Greater New Bedford LFG Utilization Project

George Aronson, a private investor from CommonWealth Resource Management spearheaded the privately funded project to capture methane from the municipal solid waste facility, Crapo Hill Landfill in Dartmouth, MA for electricity production. The Crapo Hill Landfill is a capped landfill. Landfill gas is a natural byproduct of the anaerobic decomposition of organic materials deposited over time in a landfill. Comprised predominantly of methane and carbon dioxide, landfill gas can provide about one half the heating value of natural gas. Left uncollected, these gases vent into the atmosphere contributing to global warming. By harnessing landfill gas, there is a twofold reduction in climate altering emissions; energy produced reduces the demand for carbon emitting energy production, while reducing the direct emissions from the landfill.
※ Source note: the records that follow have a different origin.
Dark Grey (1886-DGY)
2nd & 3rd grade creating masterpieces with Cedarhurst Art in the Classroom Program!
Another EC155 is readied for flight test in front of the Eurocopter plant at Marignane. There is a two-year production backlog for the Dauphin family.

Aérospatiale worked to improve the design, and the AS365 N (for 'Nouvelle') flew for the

Pumps and pipes draw gas out using 60 psi vacuums where it is used to fuel four reciprocating internal combustion engine-generator sets that produce electricity. The electricity generated at this facility is exported to the regional power grid via an interconnection with the local electric power distribution utility. It is anticipated that the site will produce 26 million kWh of electric power output for sale annually.
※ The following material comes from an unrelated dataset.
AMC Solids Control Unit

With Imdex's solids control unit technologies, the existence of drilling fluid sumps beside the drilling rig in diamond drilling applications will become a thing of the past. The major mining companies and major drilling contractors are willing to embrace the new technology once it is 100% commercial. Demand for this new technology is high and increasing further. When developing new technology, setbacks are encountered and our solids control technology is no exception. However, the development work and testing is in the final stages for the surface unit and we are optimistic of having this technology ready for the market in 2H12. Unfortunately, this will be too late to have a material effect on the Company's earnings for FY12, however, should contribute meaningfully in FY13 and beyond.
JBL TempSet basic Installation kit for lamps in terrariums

Interestingly, CommonWealth Resource Management has begun to use the LFG site as a unique opportunity for individuals to contribute to emission reductions. Renewable Energy Credits are often sources of income for such sites. Awarded to facilities that provide renewable energy, they can be sold wholesale to industries that are exceeding their emissions quotas in an effort to limit emission growth. CommonWealth has decided to make these RECs available for sale at the retail level. Individuals that choose to purchase credits through their subsidiary e-BlueHorizons LLC are able to take credits off the market and ensure that they will never be used to justify emission production.

Hull Wind II

Another cap-closed landfill in Hull, MA has proved to be an ideal location for the second wind turbine in the Hull Wind project begun in 1997. Andrew Stern of the Citizens Advocates for Renewable Energy explains the success of a community based organization driving Brownfield revitalization. The turbine sits atop a 20 meter landfill, supported by 30 foot pilings that sink just above the membrane capping the landfill. It is anticipated that this turbine alone with produce 4,500 MW per year. Since it went online in May of 2006, it has already produced over 18,000 MW. Combined with the first turbine installed in 2001, wind will supply 13% of Hull’s electrical load. Plans for four additional offshore turbines are expected to cover 100% of the load on average.

Hope in Desolation

The innovative revitalization of each of these Brownfield sites has provided hope for environmentally and economically downtrodden communities. The desolation of abandoned mines, landfills and industrial parks has for too long epitomized the standard of living of many communities. While we may never be able to restore these sites to their original pristine levels, they can be controlled through subterranean capping membranes and reused to revitalize neighborhoods. In each of the examples sited above, this is achieved while contributing to the renewable energy revolution. The communities surrounding each of these sites have experienced increases in property values and supported many local jobs. Those of us immersed in the field of environmental studies are constantly faced with bleak statistics. It seems that the more we learn about ecosystems, the atmosphere and climate patterns, we find ourselves further and further down an irreversible path. While neither the damage our energy production has done to the atmosphere nor the damage our industries have done to our land can be reversed, the examples sited above prove that we can indeed change our trajectory and begin to correct some of the damage that we have done. Indeed there is hope in desolation.